Wonga, although not solely operating in the UK, do their majority of business in the UK short term lending market with it making up 95% of their loans.
The huge drop in their revenue and increase in losses are a shocking change from the huge profits reported before 2015. This is down to the new FCA lending rules introduced in 2015 which has seen their loans fall from 4 million to just 2.1 million.
Wonga was also in the press for sending out fake legal to borrowers and were made to clear debts and charges totalling £220 million.
The new rules saw a daily cap on interest of 0.8% as well as a maximum default fee of £15. As well as this, the maximum repayment on a loan, including fees, could not exceed 100% of the loan amount.
According to Wonga’s reports, revenues from interest fell by over 60%, from £157m to £46m.

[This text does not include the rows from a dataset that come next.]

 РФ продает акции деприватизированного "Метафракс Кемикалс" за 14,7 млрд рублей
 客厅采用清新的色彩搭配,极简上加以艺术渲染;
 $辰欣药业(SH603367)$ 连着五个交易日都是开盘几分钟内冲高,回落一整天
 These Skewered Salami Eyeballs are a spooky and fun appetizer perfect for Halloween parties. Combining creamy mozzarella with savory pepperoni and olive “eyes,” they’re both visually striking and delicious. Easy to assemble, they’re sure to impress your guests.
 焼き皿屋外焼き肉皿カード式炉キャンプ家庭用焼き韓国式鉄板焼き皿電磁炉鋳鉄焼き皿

Even with the new financial reports, Andy Haste, Wonga’s CEO said he expected 2016 “to mark a turning point in our financial performance”, and said the firm expected to make a profit again next year.

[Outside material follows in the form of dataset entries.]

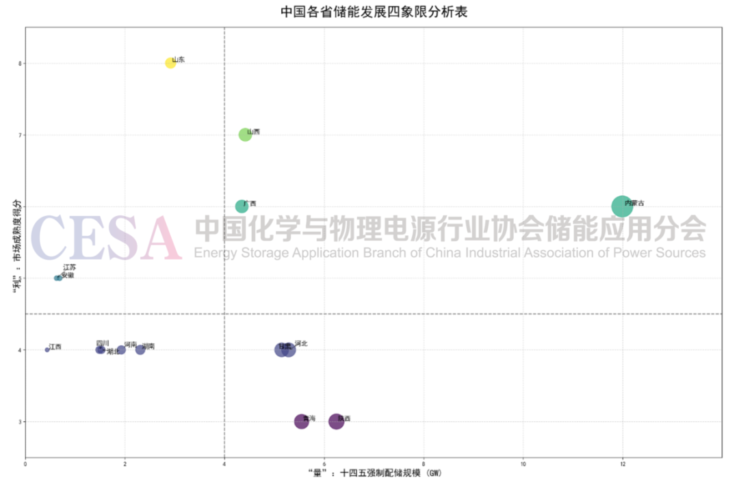 我們將各省份置于一個(gè)以“強(qiáng)制配儲規(guī)模 (GW)”為X軸,以“市場成熟度得分”為Y軸的四象限圖中。我們設(shè)定X軸的分界線為4.0 GW,Y軸的分界線為4.5分,以此來劃分高/低直接需求與高/低市場成熟度。失衡的結(jié)構(gòu)便以一種更聚焦的方式呈現(xiàn)出來。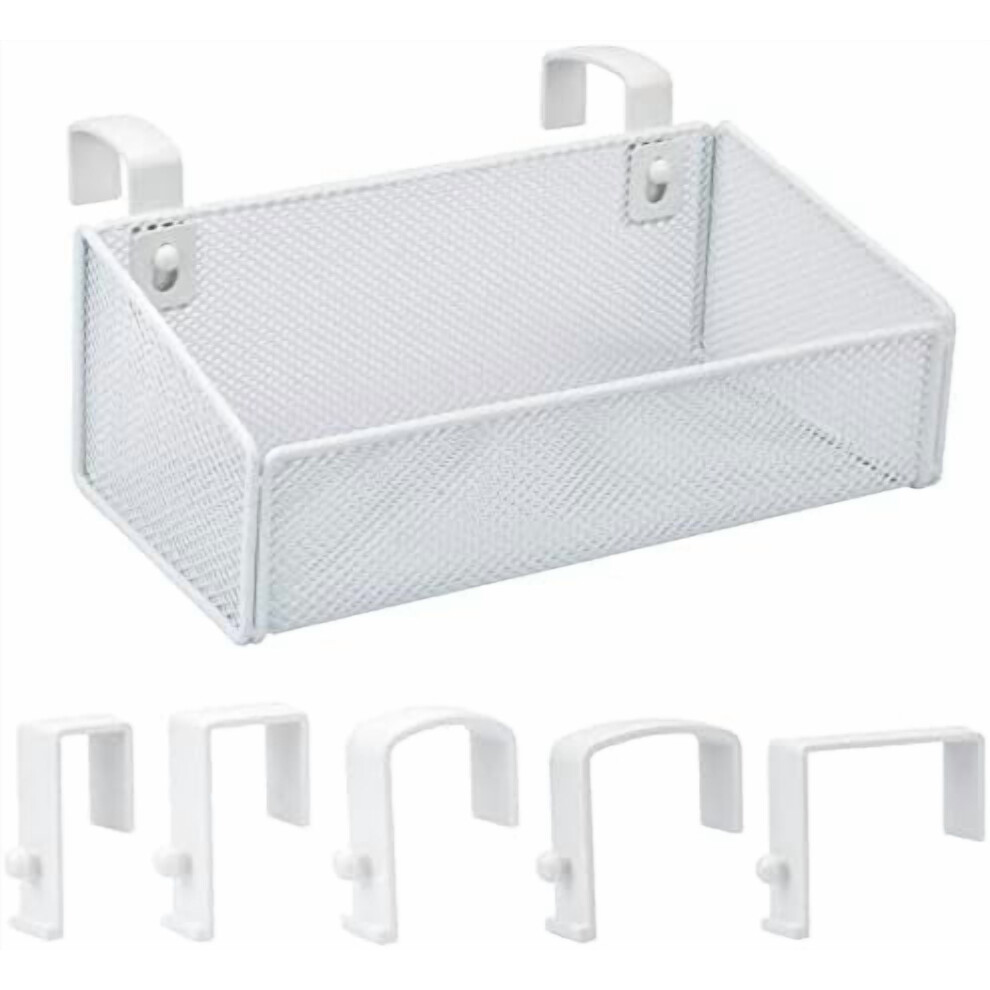 Hanging Bedside Caddy Basket â Metal Organizer for Dorm, Hospital & Baby Beds â Holds Magazines, Remotes, Phones, Drinks (White)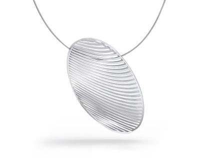 dreidimensionaler Anhänger 950/- Platin, feine Lamellen, feinmatt (Velvet), Kanten poliert, 70 mm lang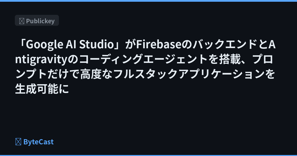「Google AI Studio」がFirebaseのバックエンドとAntigravityのコーディングエージェントを搭載、プロンプトだけで高度なフルスタックアプリケーションを生成可能に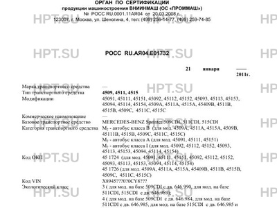 - Экологический класс: 4 (для мод. на шасси 309CDI, 311CDI, 313CDI, 315CDI, 318CDI, 411CDI, 415CDI, 41…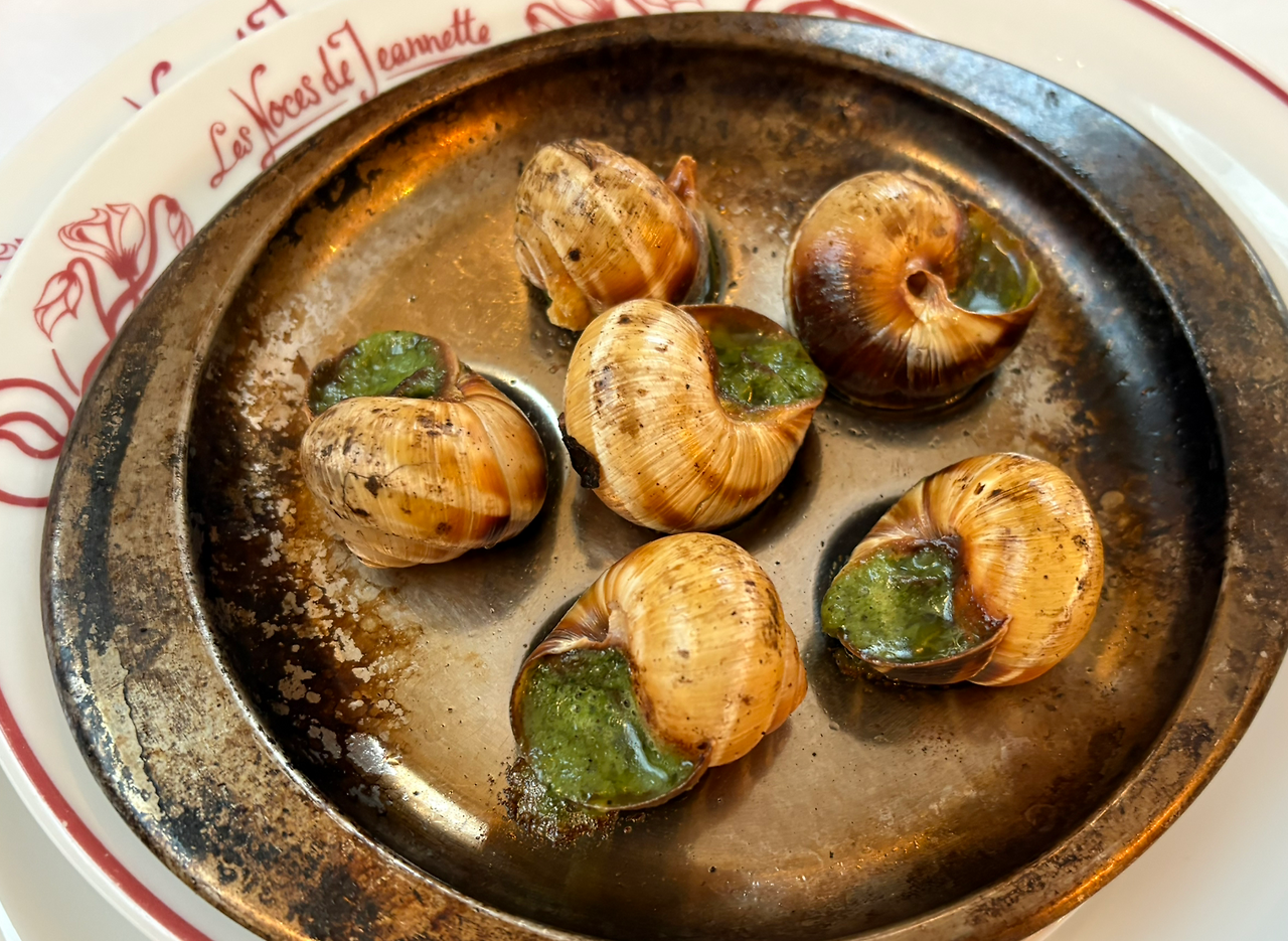달팽이 요리는 메인 요리 나오기 전에 먹는 전채음식이다. 한국에서 많이 먹는 골뱅이와 비슷하다. 다른 점은 달팽이를 버터, 마늘, 파슬리 등으로 양념을 해 먹는다. 사실 달팽이 요리는 소스 맛으로 먹는다. 달팽이 요리를 시키면 달팽이를 고정하는 기구와 달팽이를 꺼내는 작은 포크를 준다. 달팽이를 기구로 잡고 포크로 쏙 빼내서 먹으면 된다. 물론 다 개인적인 취향 차이가 있겠지만 프랑스 여행 가서 한 번쯤 먹을 만한 음식이지만 두고두고 생각난다 이런 유의 음식은 아니다.

Haste said: “We have made real progress towards creating a sustainable business with an accepted place in financial services.” Since all the bad press, Wonga have relaunched their ad campaign with the absence of the widely recognised puppets which were deemed as targeting younger borrowers.
Haste also went on to say that his new management team had a brand new approach to credit risk; this is backed by the figures, defaults at the firm fell from 6.6% to 2.8% in the UK.
Earlier this year, the FCA granted Wonga a lending license marking its position as a responsible and accountable lender.
The firm also had a restructure that saw 200 jobs cut and an overhaul of an ‘inefficient’ computer system. The company s adamant that despite its name being dragged through the mud, the name Wonga would remain rather than attempting to “do a brandwash and run away from the past,” said Haste.
The increased losses are a sign of just how much was being made from people in a weak financial position and how much of a difference the new rules have made. Fairer lending is crucial to helping people to get back on their feet so make sure to compare lenders when looking into short term payday loans.